Collaboration and relationship building are critical. Although medical teams may be limited by the constraints of their institutional work structure, in cases such as this, continuity matters. A consistent care team allows one to build rapport and a trusting relationship. When this is not possible, we must provide a meaningful summary to colleagues of the emotional work and complex communication that has occurred as well as use the interdisciplinary approach to bridge the issue of continuity as much as possible for families.

Finally, providers should consider the importance of time. Critically ill children depend on the rapid assessments, decisions, and interventions of the PICU team for survival. Rapid decision-making is the norm. This case highlights the importance of recognizing when it is time to slow down. Although examination for DNC may not be viewed as a decision from the physician perspective, many families recognize the timing of examination as a decision point. Allowing time for parents to process and ready themselves is sensible and may be necessary to absorb the diagnosis. A 2013 report from The Hastings Center asserts that requests for a delay in the declaration of death or in the discontinuation of interventions are reasonable and should be accommodated if possible as a way to help loved ones with grief and bereavement.

Although no amount of time takes away a family’s pain and grief, using an interdisciplinary approach centered on the unique needs of a family may strengthen the partnership between parents and medical teams to allow for space to move through the challenges of brain death examination.

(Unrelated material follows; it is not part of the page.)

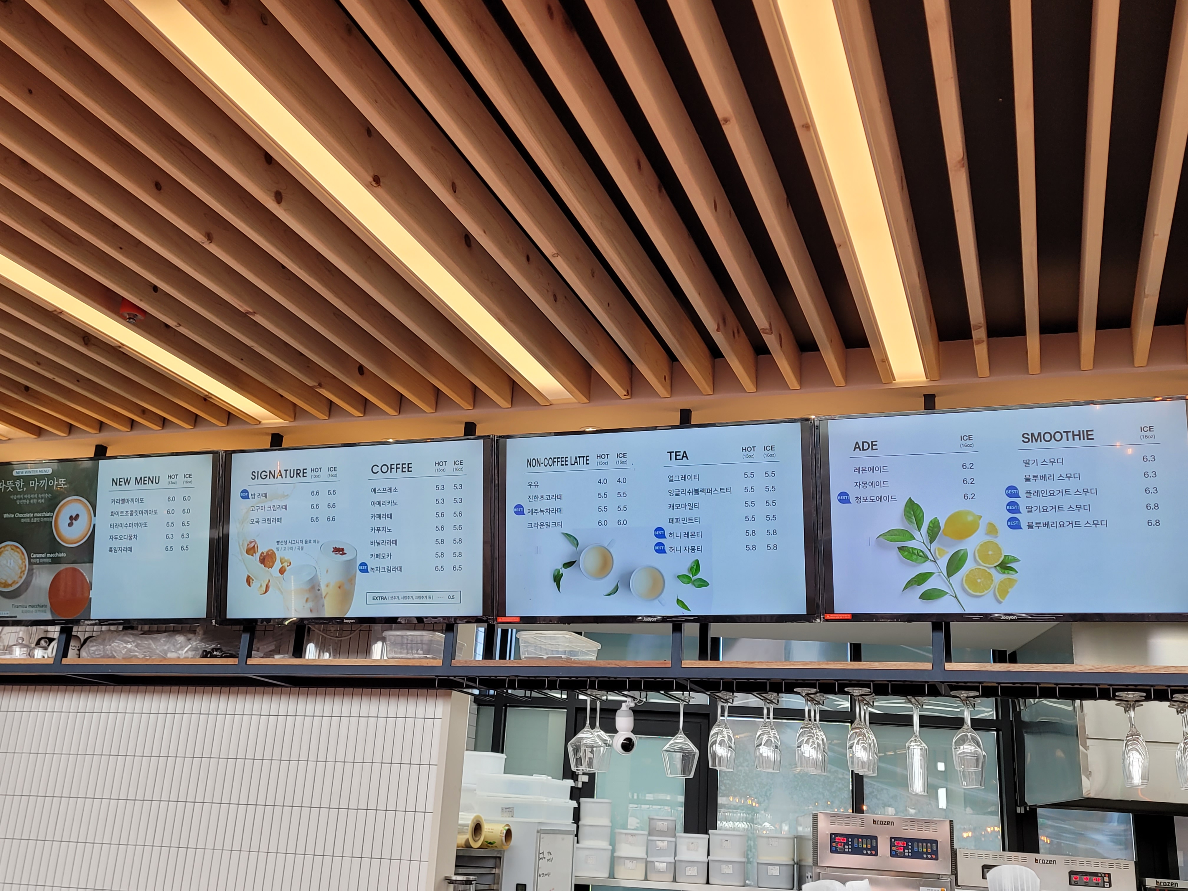 음료도 꽤나 다양합니다. 시그니처 메뉴인 밤 라떼, 고구마 크림라떼, 오곡 크림라떼부터 커피류, 차, 에이드, 스무디까지... 커피를 즐겨드시지 않는 분들도 빵과 함께 마실 음료가 있으니 이 점이 장점인 듯 싶습니다. 저는 아아를 좋아하지만 3시가 넘은 시점이라 캐모마일티를 주문했고, 달달구리 음료를 좋아하는 예랑이는 밤 라떼를 주문했어요!

Time, continuity of relationships, and an interdisciplinary approach can improve trust and collaboration such that both parties are able to hear and appreciate each other’s perspectives. With this approach, the relationship with the family is reframed from one that is focused on moving through examination and declaration of death to one that accounts for the needs of the individual family based on their lived experience…

The concept of brain death has undergone a surprising trajectory in the public mind. When first proposed, it was widely accepted. By 1990, every state in the United States recognized brain death as an appropriate legal criterion for declaring a person dead. But the concept seems to be generating more controversy over time and moving from the pages of medical journals into the mainstream press. In 2018, a feature article in The New Yorker magazine raised questions about whether people who meet legal standards for brain death are in fact dead.

The current controversies reflect both shifts in values and technological advances in intensive care. When brain death was first conceptualized, patients who met neurologic criteria would quickly progress to circulatory death. That is no longer true. In some cases, their hearts and other organs continue to function normally. As Shewmon points out, patients who meet criteria for brain death can assimilate nutrients; fight infection and foreign bodies; maintain homeostasis; eliminate, detoxify, and recycle cell waste throughout the body; maintain body temperature; grow proportionately; heal wounds; exhibit cardiovascular and hormonal stress responses to unanesthetized surgical incision; gestate fetuses; and undergo puberty. Given the contentiousness of the concept of brain death, it seems ethically appropriate to honor parents’ refusals of formal testing. To force such testing will ultimately erode people’s trust in doctors, bioethicists, policy makers, and the legal system. As noted, most parents eventually accept testing and a diagnosis of brain death. Accommodating the rare exceptions is a price worth paying to maintain public trust.